Waldinger recommends some steps you can take for a life that reaps the rewards of connecting with others. Renew a relationship that’s gone stale by finding a new activity you can do with your spouse. Take long walks together or schedule date nights. Turn off your computer and go talk to people. Reconnect with family members you haven’t contacted in years and end those long-running family feuds. Lean into relationships with family, friends and your community.

The Harvard Study of Adult Development study began in Boston in the 1930s tracking 268 Harvard sophomores and eventually included research on 456 young men from Boston’s poorest neighborhoods who came from troubled homes but avoided delinquency. Waldinger, who took over in 2003 as the study’s fourth director, widened the study to include wives and children of the original subjects.

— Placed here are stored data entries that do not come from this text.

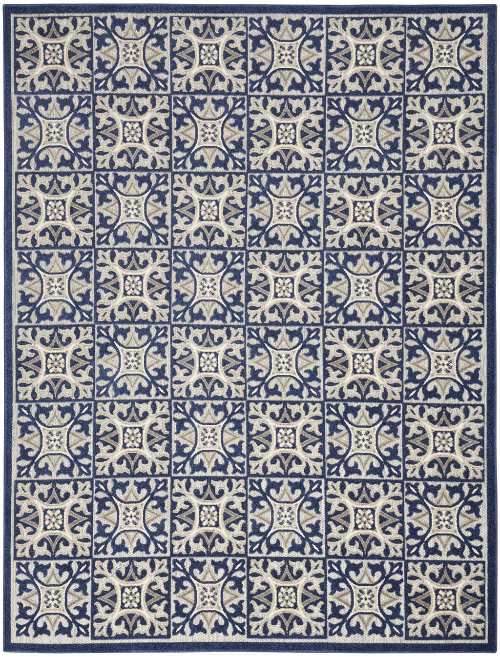 - 5 X 8 Blue Fleur De Lis Stain Resistant Non Skid Area Rug
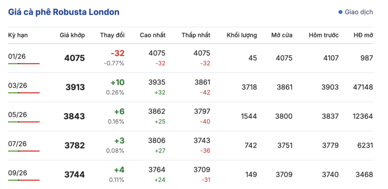 Kết thúc phiên giao dịch gần nhất, giá cà phê Robusta tại London tăng giảm trái chiều trong các kỳ giao hàng. Cụ thể, kỳ giao tháng 1/2026 giảm 32 USD/tấn, xuống mức 4075 USD/tấn. Trong khi đó, hợp đồng giao kỳ hạn tháng 9/2026 lại tăng nhẹ 4 USD/tấn, đạt mức 3744 USD/tấn.
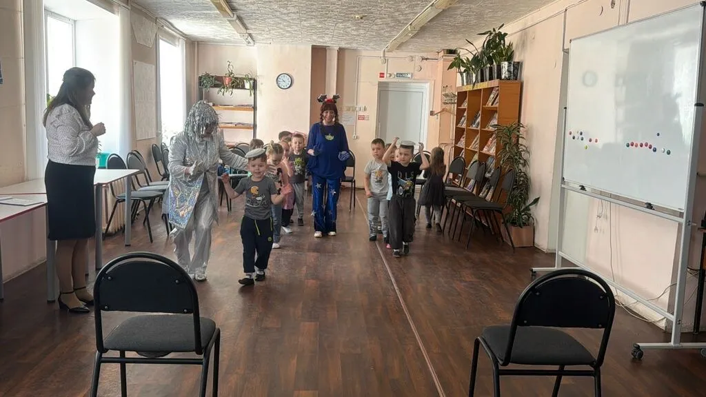 В Центральной библиотеке им. А.Л. Алейнова вновь произошло настоящее чудо! Среди книжных полок, где обычно царит тихая атмосфера, произошло нечто невероятное: совершила посадку летающая тарелка с двумя очаровательными инопланетянками — Альфией и Серебряной! Оказалось, гостьи получили особый космический сигнал: дети из детского сада «Сказка» очень хотели найти новых друзей. Этот искренний призыв разнёсся далеко по Галактике — и вот, преодолев миллионы световых лет, Альфия и Серебряна прибыли, чтобы подарить малышам незабываемые впечатления! Юные участники не смогли скрыть восторга, увидев гостей в мерцающих нарядах — словно настоящих звёзд! А Серебряна и Альфия (которую дети тут же ласково прозвали Звездочкой) сразу взялись за дело, предлагая самые удивительные космические игры и затеи.
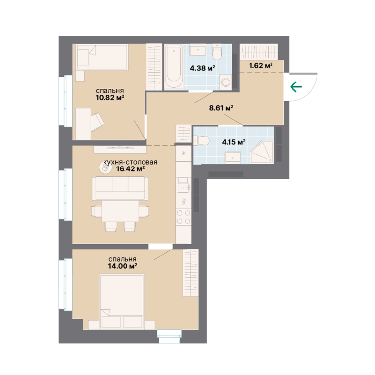 | Количество комнат: | 2 |
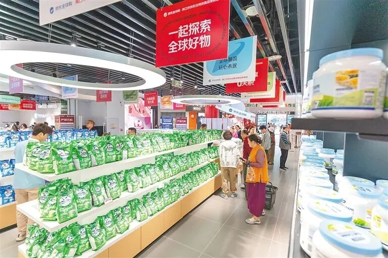 顾客在海口王府井海垦广场的京东日用消费品免税店选购商品。海南日报全媒体记者 袁琛 摄
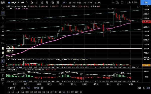 以太坊昨日走势与大饼一致,整体呈震荡走势,凌晨空头发力连阴下行,**跌至2424一线支撑,恭喜跟上昨日思路的朋友空单获利,目前币价在2427附近运行,四小时级别行情横盘震荡后选择下行,k线三连阴,macd空头逐步放量双线有死叉迹象,短期走势空头没有止跌还有下行的需求,关注2400关口支撑情况,预计会有一波插针迅速反弹,激进可以抢一波,日线级别整体呈下行走势,日内有试探ma30的风险,macd空头逐步放量双线死叉向下,整体走势较为弱势,下跌不可怕这样才有机会**,以太坊市场是好的,只不过暂时被大饼拖累了,日内思路建议回踩支撑后先多后空,上方压制2450-2480,下方支撑2400-2350
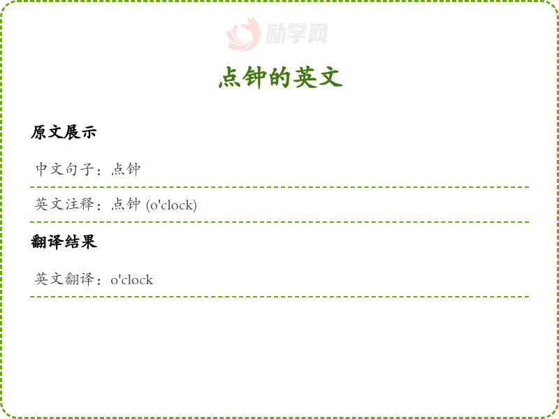 英文注释:点钟 (o'clock)
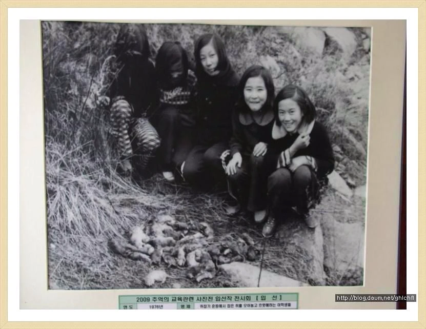이승복 생가 옆으로 강원도 교육청에서 만들어놓은 전시장이 위치하고 있습니다. 강원도 지역 학생들의 옛 모습을 담은 사진들이 전시되어 있었습니다. 전시관은 어른들의 경우 향수에 잠기고, 어린아이들은 '검정고무신'을 통해 기억하는 60~70년대를 확인하며 가족 간의 소통의 장을 열 수 있는 공간이었습니다. 여러 사진 중에 유독 눈길이 가는 몇 장이 있었습니다. 그중 첫 번째는 너무나 예쁘고 귀여운 다섯 소녀가 카메라를 보며 해맑게 웃고 있는 사진이었습니다. 맨 오른쪽의 아이는 서구적인 외모에 해맑은 미소가 너무 예뻤고, 가운데 소녀는 사춘기에 접어들었는지 어른스러운 모습을 보이고자 하는 모습이 귀엽기만 합니다. 사진 속 아이들은 현재 50대의 중년이 되어 어떤 모습으로 살아가고 있을지 궁금해집니다. 누군가와 예쁜 사랑을 나누며 결혼하고 아이를 낳아 살아가는 모습도 궁금하지만, 무엇보다 현재도 저 해맑음 모습이 남아있을지가 너무나 궁금합니다.
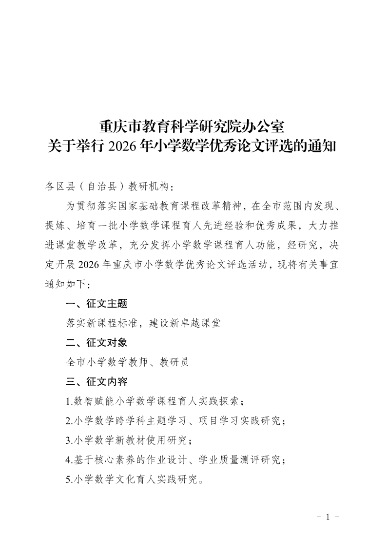利乐娱乐 办公室关于举行2026年小学数学优秀论文评选的通知
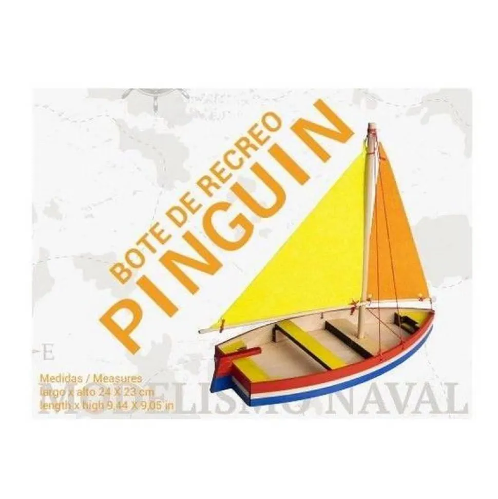 Caractéristiques détaillées : Maquette bateau en bois : Barque avec voile Pinguin
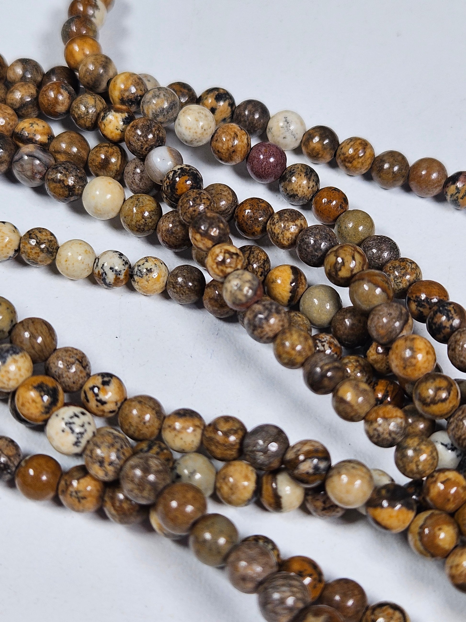 Deze kralenstreng met 4 mm Landschapsjaspis kralen is perfect voor creatieve makers en DIY-liefhebbers. De kralen zijn zorgvuldig geregen op een streng van ongeveer 40 cm, waardoor ze ideaal zijn voor het maken van fijne armbanden, kettingen, oorbellen en andere handgemaakte sieraden.
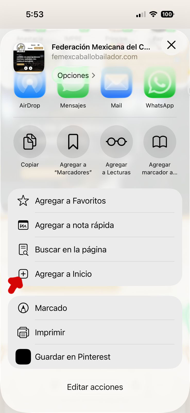 4- Y elige (➕) “Agregar a inicio” para instalar la app.

Over the course of the research, the study also has shown that the single most important thing you can do to age well physically is to avoid smoking. Another striking finding was that the primary cause of divorce among men in the study was alcohol. Alcohol abuse came before depression instead of depression leading to alcohol abuse, the study found.  The study revealed that sex remained a vital and active part of life longer for liberals than conservatives.

More than 7 million views have hit a recent TED Talk that Waldinger gave on notable findings from the long-running study. Anahad O’Connor reported on Waldinger’s Ted Talk in The Secrets to a Happy Life, From a Harvard Study for The New York Times.